The "fasten your seatbelts" light may not be on, but there's no denying that Despegar.com (NYSE:DESP) continues to make its gradual descent. Shares of Latin America's leading online travel site operator moved lower after posting disappointing financial results on Thursday morning. The stock is hitting all-time lows in the process, though to be fair, it has only been public for 11 months.
One of last year's quietest dot-com IPOs hasn't made much of a splash since going public at $26 in mid-September of last year. The stock is now falling to the high teens, and with growth slowing and at least one key executive moving on this summer, it's going to be hard to regain Wall Street's confidence anytime soon.
A bumpy ride
Revenue rose a mere 4% to $128.3 million in the second quarter. Despegar's top-line gains decelerated to single-digit growth despite a 12% uptick in gross bookings and an 18% surge in transactions. Analysts were holding out for revenue rising 8%, to $133.6 million.
The bottom line didn't get any better despite Despegar's shift away from low-margin airfare ticketing to higher-margin hotel and travel package offerings. Adjusted EBITDA declined, and Despegar's profit clocked in at less than half of what it earned a year earlier. The net profit of $0.02 a share was well short of the $0.07 a share that Wall Street was expecting.
Local currency depreciation is a factor, as Brazil -- accounting for 42% of Despegar's business -- saw its currency slide 15% over the past year. Argentina has taken an even bigger hit, depreciating 30% over the past quarter. However, it doesn't help that average selling prices have declined as business in Argentina leaned more on domestic travel than higher-margin international itineraries. It's hard to spring for an overseas trip when your currency is tanking.
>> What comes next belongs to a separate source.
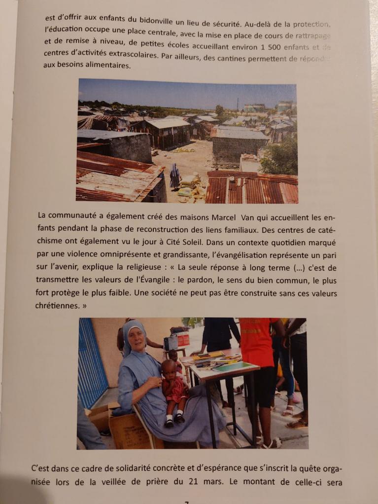 Entrée libre - Quête au profit d'Haïti. Au profit de ce pays martyr : HAÏTI. Là-bas, Soeur Paësie a choisi de vivre dans un des plus dangereux bidonville du monde :" Cité Soleil " - Port-au-Prince : La ville du kidnapping - Dans ce bidonville, Sr Paësie s'occupe d'enfants complètement laissés à l'abandon.

Despegar received a chilly reception when it went public last year, and the climate isn't getting any kinder. It doesn't help that revenue rose 24% in its first report as a public company, and after a short-lived acceleration, when revenue rose nearly 30% in the fourth quarter of last year, it has kicked off the first half of this year with quarterly revenue growth of 22% and now 4%. Despegar's CFO announcing last month that he would be leaving for a stateside job to be closer to his family is just more salt in the wound. Despegar's board has cleared the way for a $75 million share buyback, something that's not a horrendous idea for a broken IPO, but it won't be enough to support the share price until the fundamentals show signs of turning around.
The long-term potential for Despegar is obviously there. Latin America is going to be a huge market once it licks its heavy socioeconomic and inflationary risks, and we're still early in the online migration cycle. Unfortunately, investors like growth in their growth stocks, and this is something that's been choppy for Despegar as revenue growth dipped 3% in 2016 before bouncing back last year. This story will take time to play out, and that's going to shake out impatient growth investors until we see signs of a legitimate lift-off.